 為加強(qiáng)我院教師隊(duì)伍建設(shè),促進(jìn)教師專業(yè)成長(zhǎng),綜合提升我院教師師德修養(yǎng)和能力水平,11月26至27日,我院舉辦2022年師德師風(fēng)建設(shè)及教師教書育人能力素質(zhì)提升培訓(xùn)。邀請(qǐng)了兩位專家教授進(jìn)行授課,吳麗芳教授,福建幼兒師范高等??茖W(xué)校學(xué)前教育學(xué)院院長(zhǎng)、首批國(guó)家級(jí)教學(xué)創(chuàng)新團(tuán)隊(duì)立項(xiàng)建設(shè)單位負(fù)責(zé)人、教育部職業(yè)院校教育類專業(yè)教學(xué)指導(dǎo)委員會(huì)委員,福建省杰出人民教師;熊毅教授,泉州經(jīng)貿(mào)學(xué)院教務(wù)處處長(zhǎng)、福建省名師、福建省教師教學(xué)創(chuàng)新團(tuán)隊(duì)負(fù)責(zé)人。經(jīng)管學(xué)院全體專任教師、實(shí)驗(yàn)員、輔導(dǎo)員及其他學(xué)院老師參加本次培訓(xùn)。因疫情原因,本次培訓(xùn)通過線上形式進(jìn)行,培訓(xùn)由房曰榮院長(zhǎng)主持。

******************************

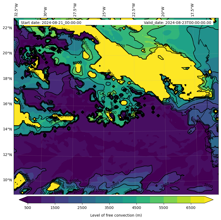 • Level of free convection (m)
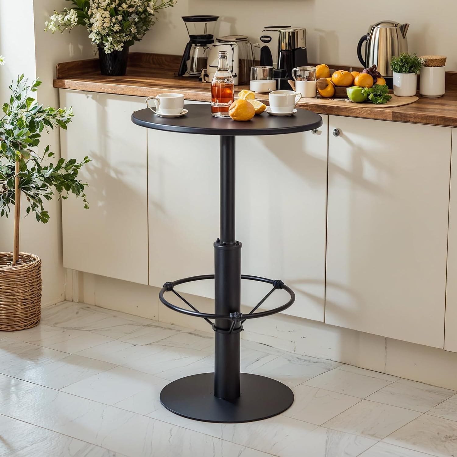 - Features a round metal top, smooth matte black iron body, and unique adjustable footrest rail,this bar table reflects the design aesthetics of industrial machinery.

******************************

Action item — Above are the records. Copy word for word only their lines from the one holding "free convection (m)" through the one holding "- Features a", both included, and skip the images.

Written solution —
 • Level of free convection (m)
 - Features a round metal top, smooth matte black iron body, and unique adjustable footrest rail,this bar table reflects the design aesthetics of industrial machinery.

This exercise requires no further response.